Vaginal, Vulvar, Misc. Flashcards
Which site of recurrence post definitive CRT for vaginal cancer has the worst prognosis?
- Groin
What is the most important prognostic factor for a pt w/ new vulvar cancer?
LN status
Which pathologic features of vulvar cancer s/p surgery confer the highest risk of LR and should receive RT to the primary site?
Pathological factors and their associated LR Rates
- Margins < 8 mm (strongest factor)
– < 8 mm → 48%
– ≥ 8 mm → 0%
- +LVSI → LR 39%
- DOI > 9.1 mm → 15%.
What is the pt population, randomization, and primary end-point of GOG 37 for vulvar cancer?
Pts:
- Invasive SqCC
- s/p vulvectomy and b/l inguinal lymphadenectomy
- Inguinal LN+
Randomization:
- 🏆 RT 45-50 Gy to b/l inguinal and pelvic nodes (but not vulva/primary)
- PLND
Primary end-point
- OS
What are the results of GOG 37 for vulvar cancer?
RT vs. PLND
- 2-yr OS 68% vs. 54% (p=0.03)
– On subanalysis, effect only in ECE and ≥2 nodes
- 6-yr OS 51% vs. 41% (NS)
– benefit only in palpable N+, ECE, ulcerated, or ≥2 nodes, or >20% nodal positivity
- 6-yr groin recurrence 5% vs. 24% (p=0.02)
- Lymphedema 16 vs. 22% (NS)
What is the primary RO interpretation of GOG 37 for vulvar cancer?

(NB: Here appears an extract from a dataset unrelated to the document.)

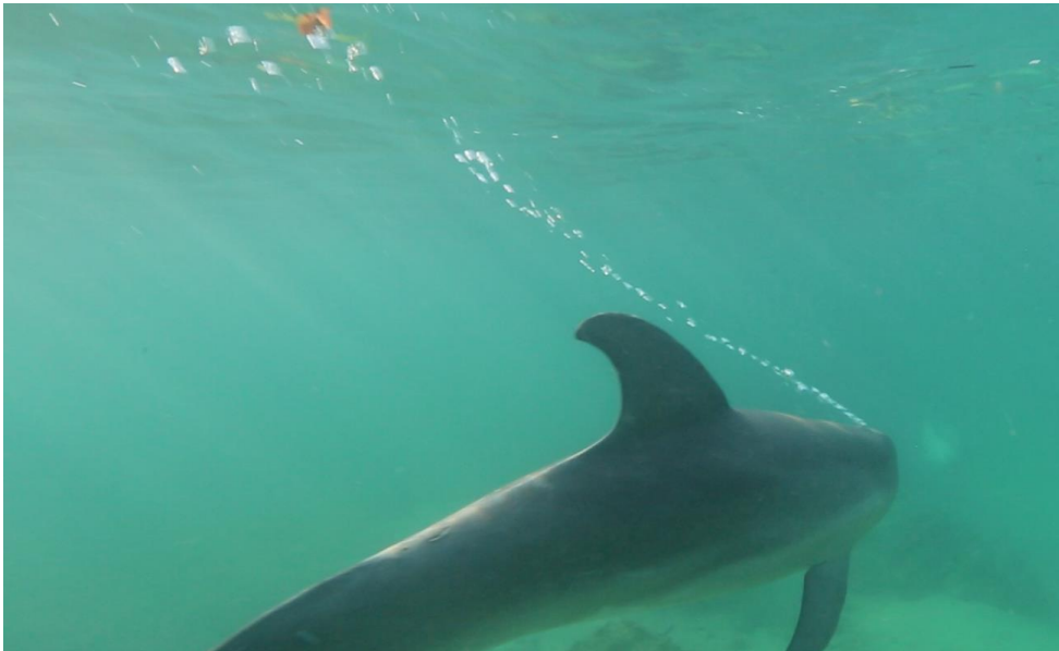
Figure 1. Bubble trail by an Atlantic bottlenose dolphin.

Bubble trails are iconic and widely reported in the literature. Their form consists of a long, thin stream of bubbles (Figure 1) that can be single streams or multiple visually distinct streams separated by very short intervals, referred to as a bubble trail bout (Beard, 2007). The two most common alternative names for bubble productions with these features are bubble streams and whistle trails. The vast majority of articles use the terms bubble trail and bubble stream interchangeably, though there are a few articles in which these terms are characterized differently on the basis of structure (e.g., Dudzinski, 1996) or on physical features and behavioral use (e.g., McCowan et al., 2000). The term whistle trail (e.g., Pryor, 1990; van der Woude, 2009) is exclusively used to refer to bubble trails emitted concurrently with whistles, although the features of the bubble emission are structurally identical. This term occurs in the acoustic literature and, along with the term bubblestream whistle (e.g., Fripp, 2005), is used with respect to the practice of using bubble trails to identify the whistling individual in view.

- Adjuvant RT improves OS in palpable N+, ECE, ulcerated, and ≥2 nodes, vs. PLND after radical vulvectomy and inguinal LND
- Trial was closed early as 2-yr results showed an improvement in LR and OS w/ RT
What is the rate of groin recurrence in vulvar cancer pts following WLE and SLNBx showing micro vs. macrometastases who subsequently receive RT w/o inguinal LND?
GROINSS V-II study
- Micro vs. macro: 2% vs. 22%
What is the rate of lymphedema in vulvar cancer pts s/p WLE and SLNBx f/b ± RT ± inguinal LND?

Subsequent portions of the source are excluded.